What AI-first should actually mean
A lot of companies say they want to be AI-first.
Sometimes that means employees are encouraged to use chatbots more often.
That’s fine, but it is not enough.
AI-first should mean:
people closest to the work can build
systems get shaped by operators, not just handed down to them
reusable patterns spread horizontally
teams share what works
collaboration is easy when someone is onto something useful
That’s why stories like Jay’s matter.
He’s not just using AI to move faster inside an existing process. He’s redesigning the process itself.

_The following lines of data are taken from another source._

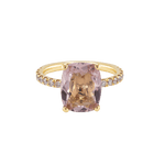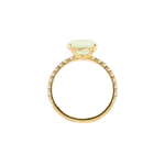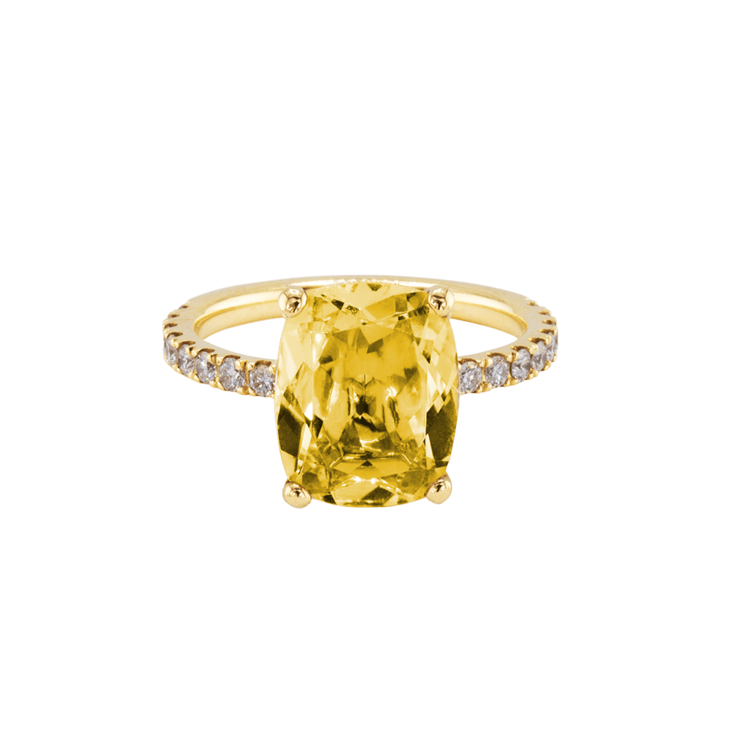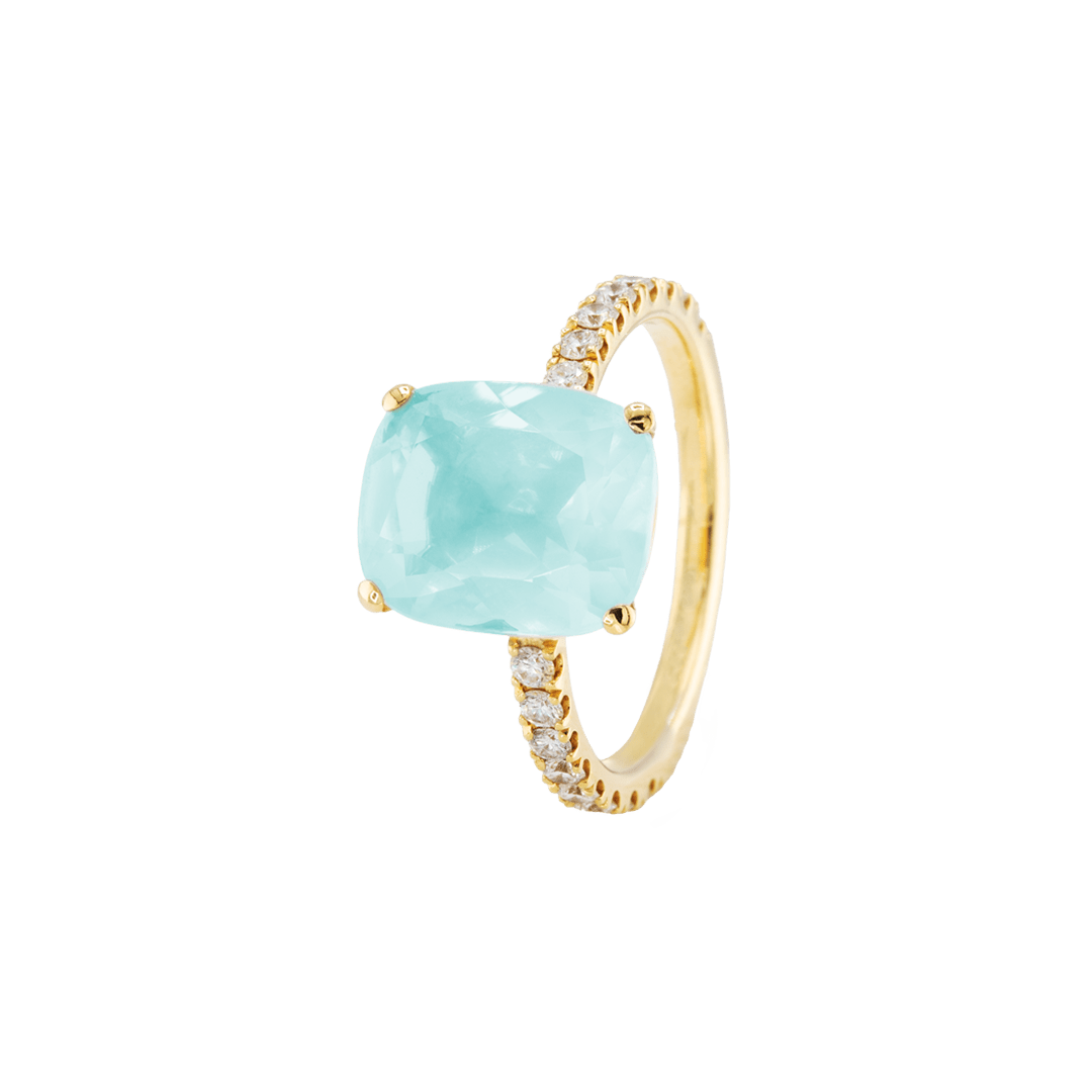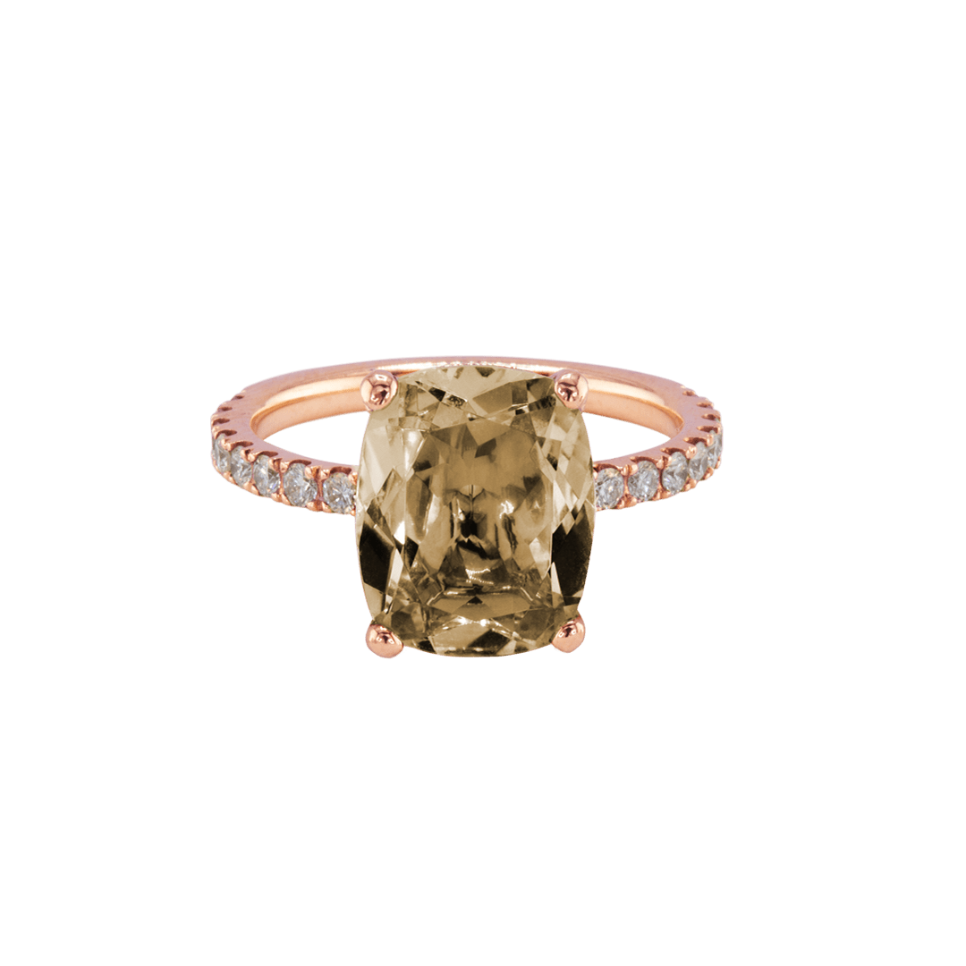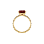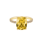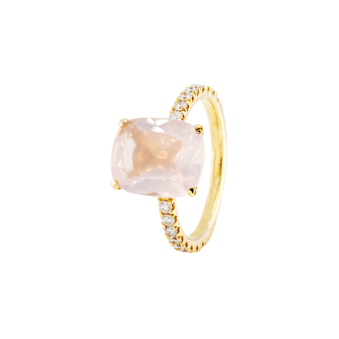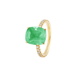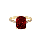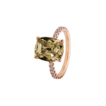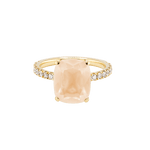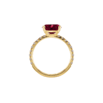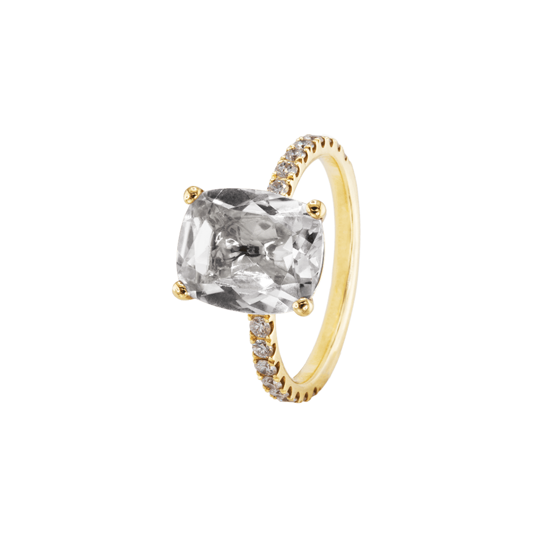 Goldener Ring mit Edelstein im Cushion Cut und diamantbesetzter Ringschiene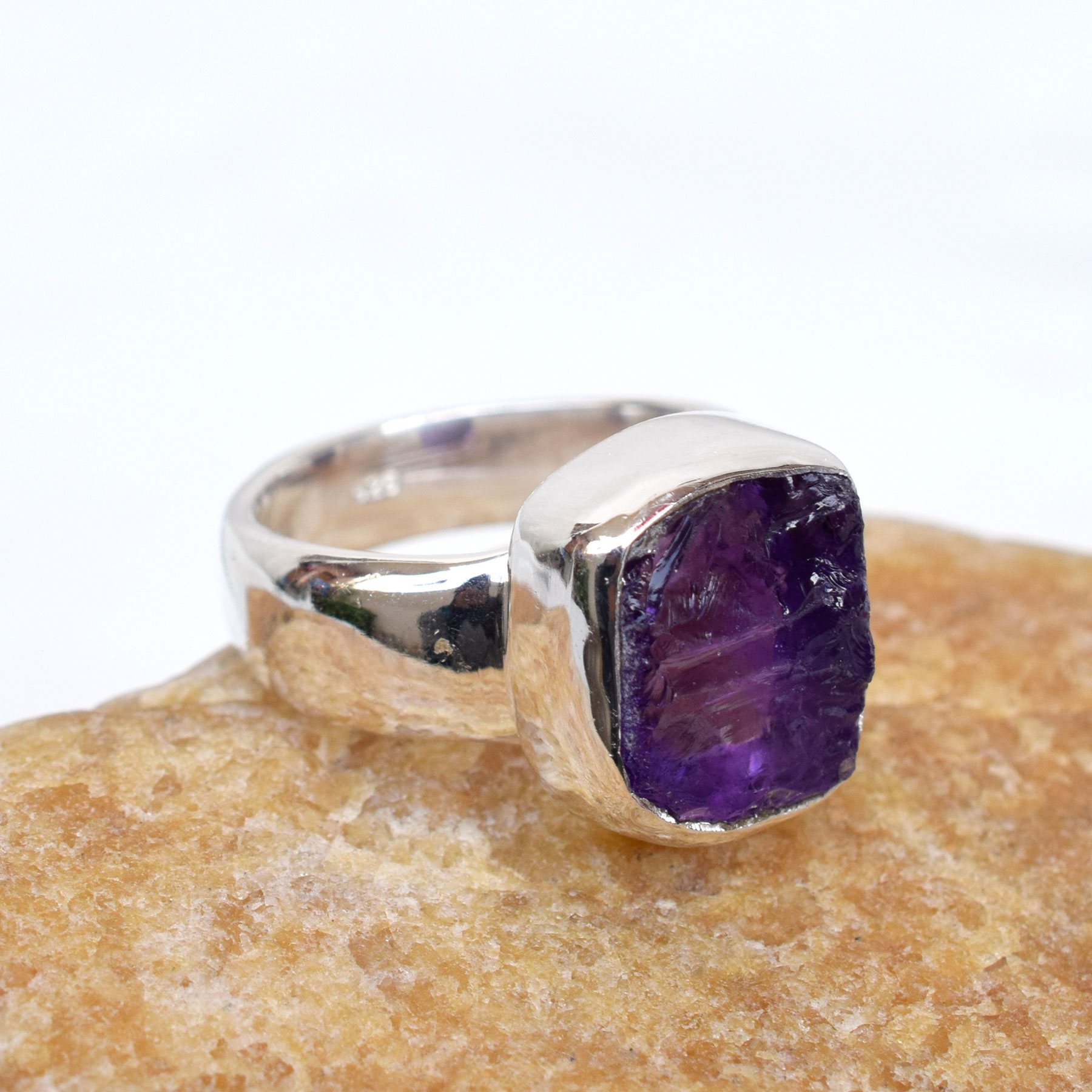 Natural Raw Amethyst Ring 925 Sterling Silver Purple Amethyst Crystal Ring-SR448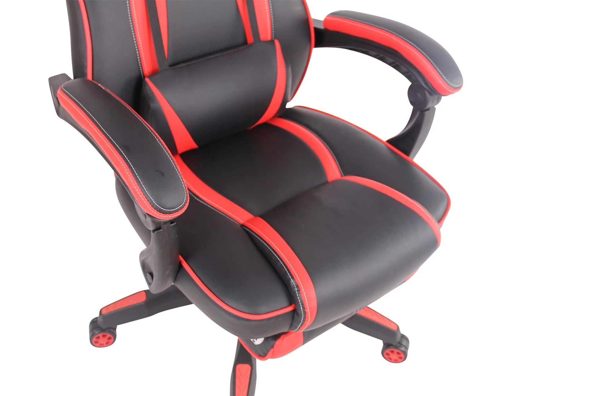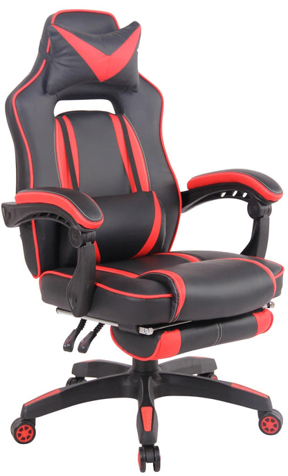 In And OutdoorMatch Bürostuhl Polly - Schwarz und Rot - Fußstütze - Kunstleder - Hochwertige Polsterung - Bequemer Bürostuhl - Luxuriöses Erscheinungsbild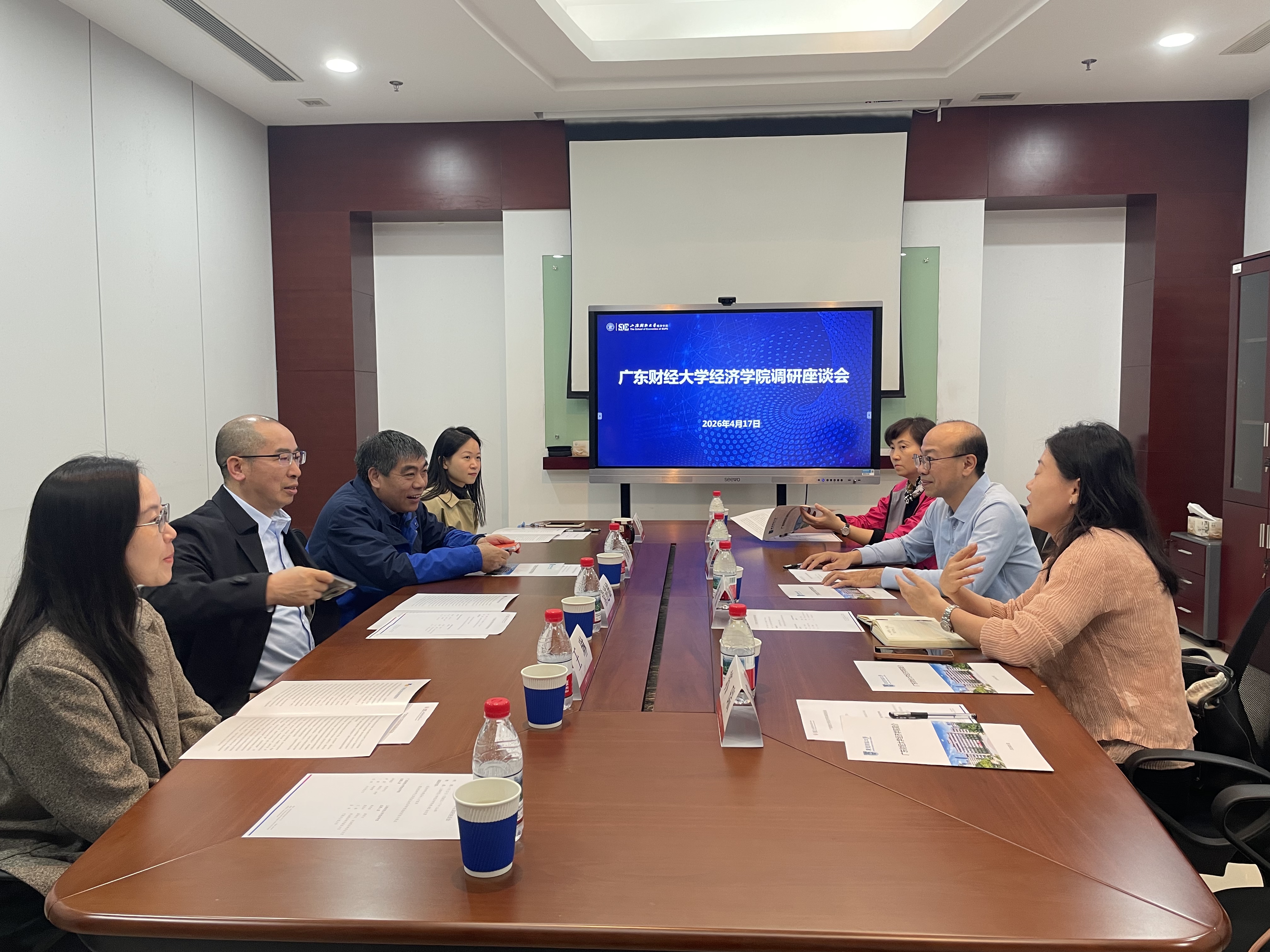 为深入推进学院学科建设高质量发展,扎实做好经济学院学科建设内涵式攻坚,2026 年 4 月 17 日下午,经济学院党委书记钟雄星率队赴上海财经大学经济学院开展专题调研交流。上海财经大学经济学院副院长常进雄、副院长冒佩华,政治经济学系副主任王琳、办公室主任张迪热情接待调研团。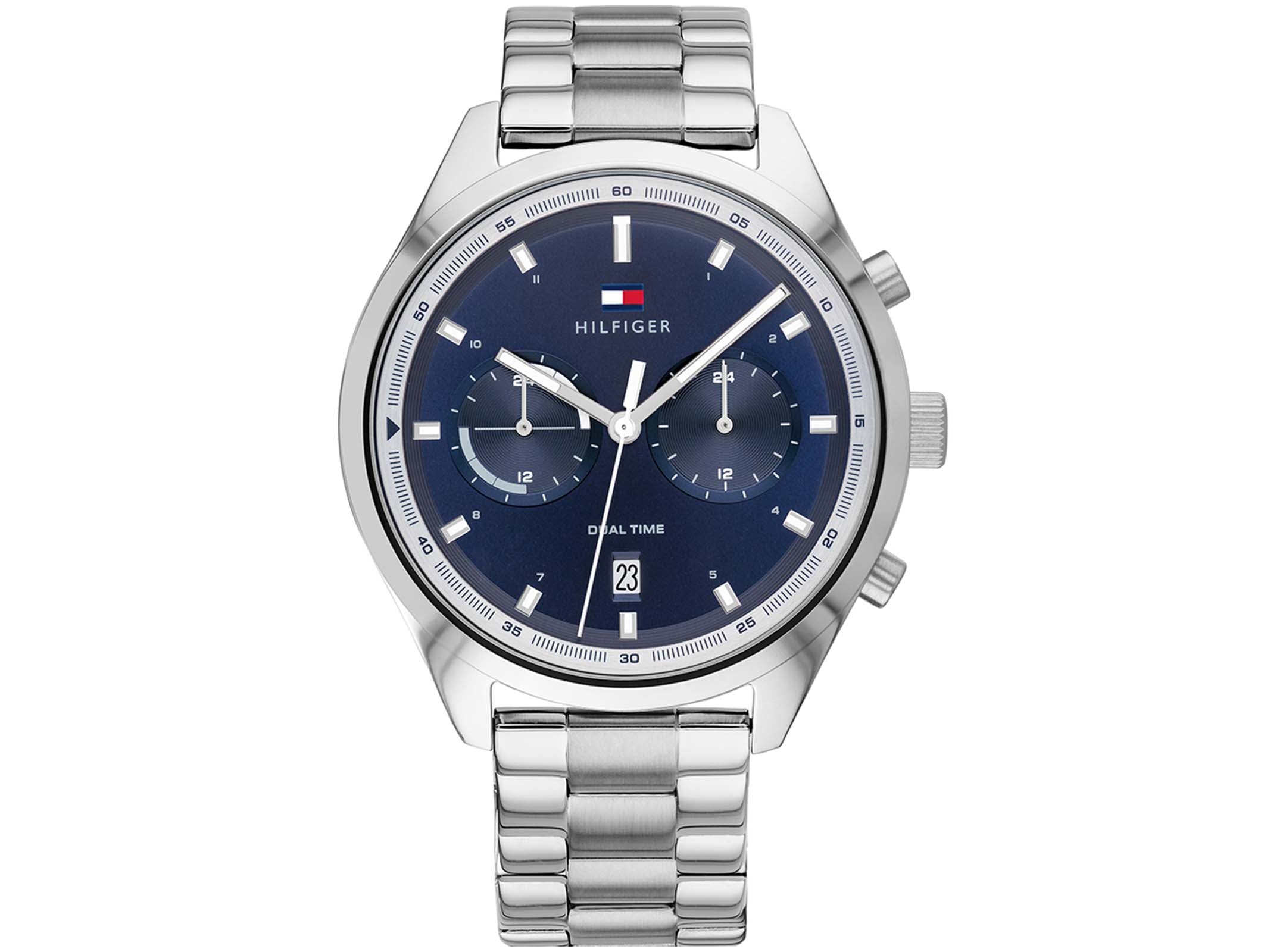 Case diameter: 44 mm,case thickness: 10 mm, case colour: Silver and dial colour: Blue.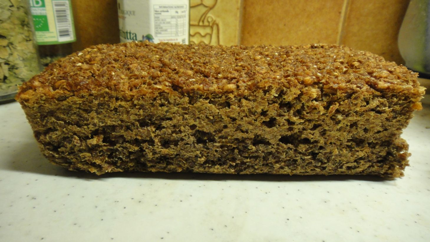 Le pumpernickel est un pain cuit longuement à température modérée ce qui produit sa couleur brune et sa saveur sucrée. Ma recette utilise de l'eau et du grain germable de céréale (ici du blé).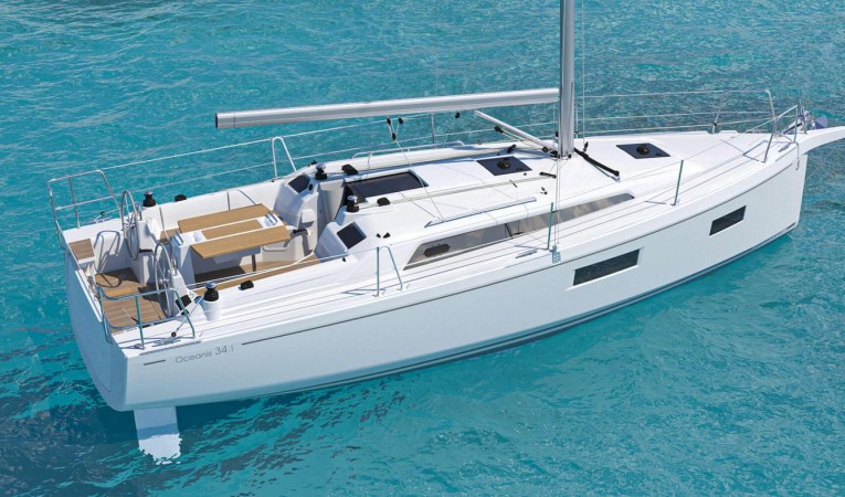 Life on board with family or friends has always been the core focus of all Oceanis designs, and the Oceanis 34.1 is the perfect example of this approach, providing the promise of safe cruising experiences aboard a boat that is easy to handle no matter who is aboard. The flared hull design and long chine provides for greater interior spaces yet guarantee a high-quality cruising experience. The interiors are bright and airy, with four deck hatches and four hull portholes guaranteeing loads of natural light and ventilation throughout the cabin. The starboard L-shaped galley, the head compartment to port, the large full-beam salon with two sofas and a large table for convivial dining ensure maximum cruising comfort for up to 8 passengers.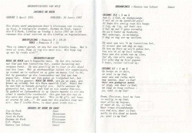 Funeral Programs / Begrafnisbriewe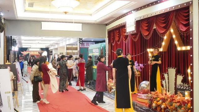 与悦方店同天开业的,还有潇湘青春影城大汉海派店。不同于悦方店的青春现代感,这里充满浓郁的海派风格,一条天然的影厅长廊,被打造成老上海复古场景,夜上海舞台、绿皮火车厢、复古黄包车等众多打卡空间,可以给影迷带来多维度的沉浸式体验。去年,这条影厅长廊变成T台,上演了一场旗袍秀,开启了潇湘影城与湖南旗袍文化协会的合作。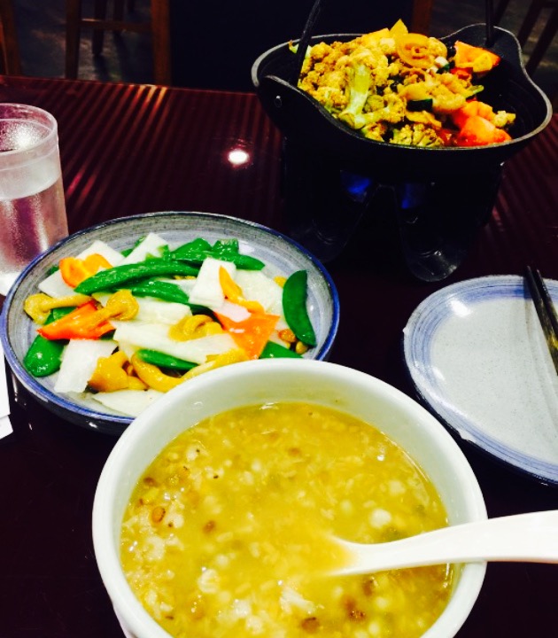 这家点离我们单位很近,每次休息都来这家店吃,这边的粥都特别好喝,各种口味的都有,我是很开心的,唯独菜量不是很大非常精美,菜的味道一般,服务员几乎就没有什么服务,要想喝一杯水都要叫半天才给拿来,希望商家加强培训。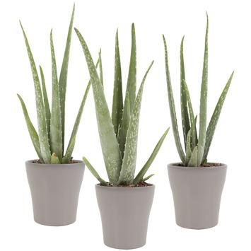 Je zinnen gezet op een Aloë Vera plant? Dan is deze set, van 3 Aloë Vera planten, drie keer zo leuk! De Aloë Vera is een van de meest bekende vetplanten. Met prachtige dikke bladeren die bekend staat om hun helende werking. Gemiddeld zijn de planten zo'n 25 cm hoog en hebben ze een potmaat met een diameter van 12 cm. De Aloë Vera is van zichzelf een erg sterke plant die zeer eenvoudig te verzorgen is. Daarnaast heeft de Aloë Vera ook een luchtzuiverend effect. De bloempot waar deze plant in zit heeft een tijdloze zwarte vormgeving. Daarnaast is de pot ook nog eens waterdicht. Je loopt dus geen risico wanneer je deze op een houten tafel plaatst, met naast de pot gieten als uitzondering natuurlijk. Deze set kun je in de GAMMA webshop ook kopen met een wit- of grijs gekleurde bloempot.

That is a much more meaningful kind of leverage.
A note on collaboration
One of the healthier things happening around this work is that it hasn’t stayed isolated.
Jay has been building aggressively. Others have been helping sharpen it. And when people across the organization see something useful, they’re reaching out, adapting it, and extending it into their own domains.
That’s exactly the kind of behavior we want more of.
If you’re building something real, especially if you’re sitting in a business or operational role and think, “I’m not technical enough for this,” the answer is: you may be closer than you think.
And if you need help shaping the pattern, pressure-testing the approach, or figuring out how to adapt it to your environment, that’s a good reason to collaborate. The AI COE exists to help accelerate exactly this kind of work.
The bigger takeaway
The most exciting AI builders in organizations are not always the ones with “engineer” in the title.
Sometimes they’re the people with the clearest understanding of the problem.
Jay Khalife saw a mess of disconnected systems, repetitive context gathering, and reactive decision-making. Instead of accepting that as normal, he built something better.
That deserves attention for two reasons.
First, because the system itself is smart.
Second, because it demonstrates the mindset organizations need more of: don’t just use AI. Build with it.
And when you build something useful, share it. You may find the pattern travels faster than you expected.
David Proctor is VP of AI at Trilogy. He writes about AI infrastructure, enterprise automation, and what actually works in production.